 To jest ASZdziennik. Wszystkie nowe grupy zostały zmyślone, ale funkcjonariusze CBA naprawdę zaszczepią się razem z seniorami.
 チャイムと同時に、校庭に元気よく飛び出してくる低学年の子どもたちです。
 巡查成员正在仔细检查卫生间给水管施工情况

┄┄┄┄┄┄┄┄┄┄┄┄┄┄┄┄┄┄┄┄

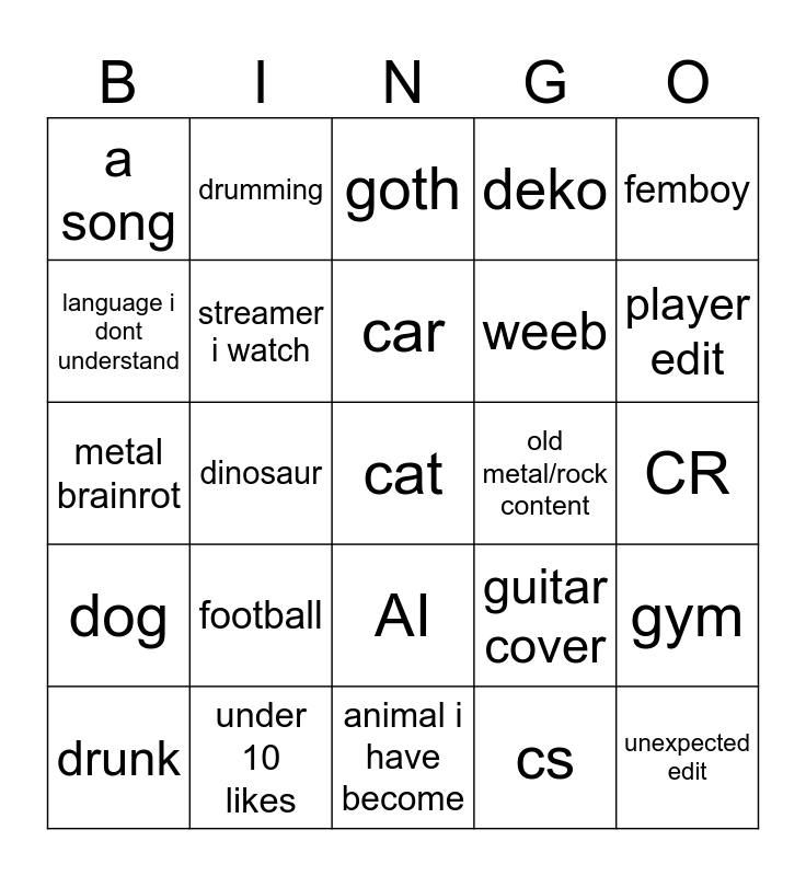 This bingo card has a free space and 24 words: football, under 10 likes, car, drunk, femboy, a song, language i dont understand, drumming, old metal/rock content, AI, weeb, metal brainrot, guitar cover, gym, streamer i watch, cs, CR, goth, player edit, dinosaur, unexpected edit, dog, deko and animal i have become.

┄┄┄┄┄┄┄┄┄┄┄┄┄┄┄┄┄┄┄┄

Exercise: In the listing above, transcribe exactly everything from the line containing "チャイムと同時に、校庭に元気よく飛び出してくる低学年の子どもたちです。" down to the line containing "巡查成员正在仔细检查卫生间给水管施工情况", including both and nothing more.

Exercise response:
 チャイムと同時に、校庭に元気よく飛び出してくる低学年の子どもたちです。
 巡查成员正在仔细检查卫生间给水管施工情况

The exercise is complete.